# Turtle Beach SC problem



## Nick (Oct 28, 2009)

Hello,

I haven't any tests for quite some time. I have made the connections, but my the TB soundcard does not show as an option in the soundcard preferences. I have used it in the past and it worked. Occasionally it would stop working and I could see a red light inside through the vents. The light would go off if I restarted my computer. The light is on now, but it will not go off when I reboot. I'm wondering if anyone has had this problem or might have a troubleshooting recommendation. Is there a test I can do to see if the soundcard is working or not?
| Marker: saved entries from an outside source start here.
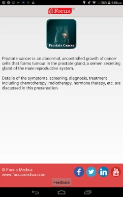 Prostate Cancer- An Overview - helps in understanding the disease condition through ANIMATED VIDEOS. This app explores the anatomy of the prostate gland. Understand symptoms, causes, risk factors, staging and prognosis, diagnostic methods and evaluation of prostate cancer and treatment options including recent advances in treatment using this App.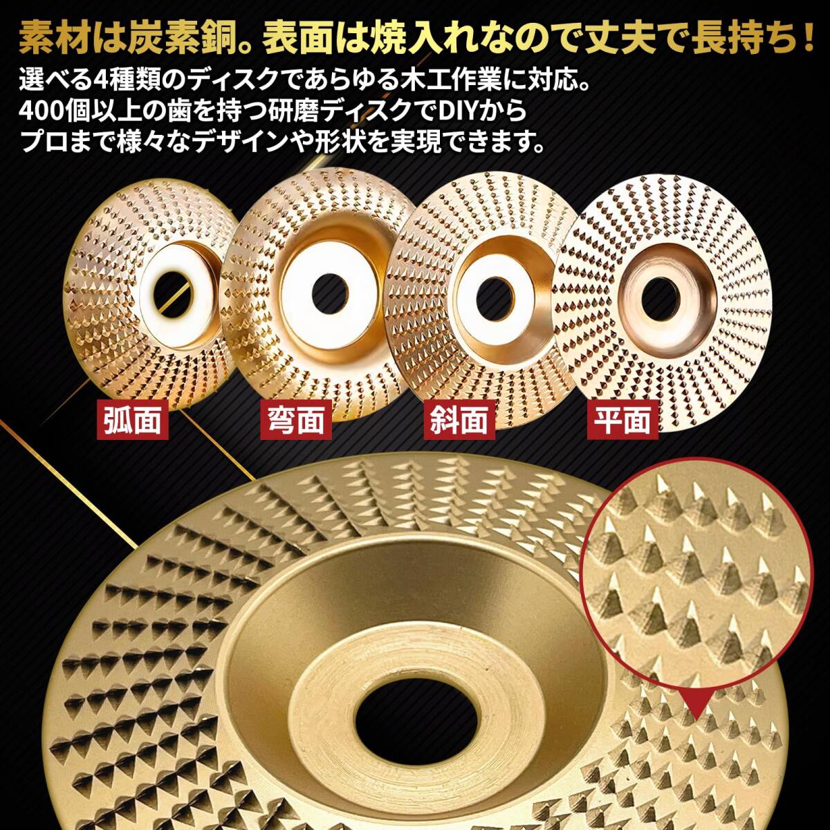 【商品詳細】効率的な作業 鋭利な歯を持つ研磨ディスクで、少ない力でパワフルな研磨が可能です。木工作業がスムーズになり、時間と労力を節約できます。 簡単取り付け 本体中央の取り付け穴は標準型の電動アングルグラインダーに対応する約16mmで、面倒な操作なしで簡単に装着可能です。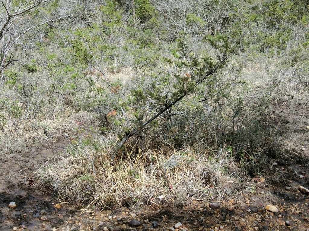 ネズミサシの樹形(幹が直立せず倒伏するタイプ)

Also, I'm curious if the TB card works with a Mac just for future reference.

Thanks,
Nick


----------



## JohnM (Apr 11, 2006)

Best looking in the windows sound control panel to see if the TB is still showing up in the list of devices that can be selected for audio input/output. If it is a USB card it will probably also be useable on a Mac, assuming it is working! Check the TB website for a definitive answer.


----------



## Nick (Oct 28, 2009)

Thanks John.

It turned out I needed to reload the software to have the soundcard show up on my computer. Now I am trying to calibrate the soundcard but I don't understand what it means to connect the line input to the line output to calibrate. I generally need photos to understand the various connections. I've got the splitter on the preamp at the moment, but I assume I need to remove it and use it on the soundcard (or do I actually need two splitters)?


----------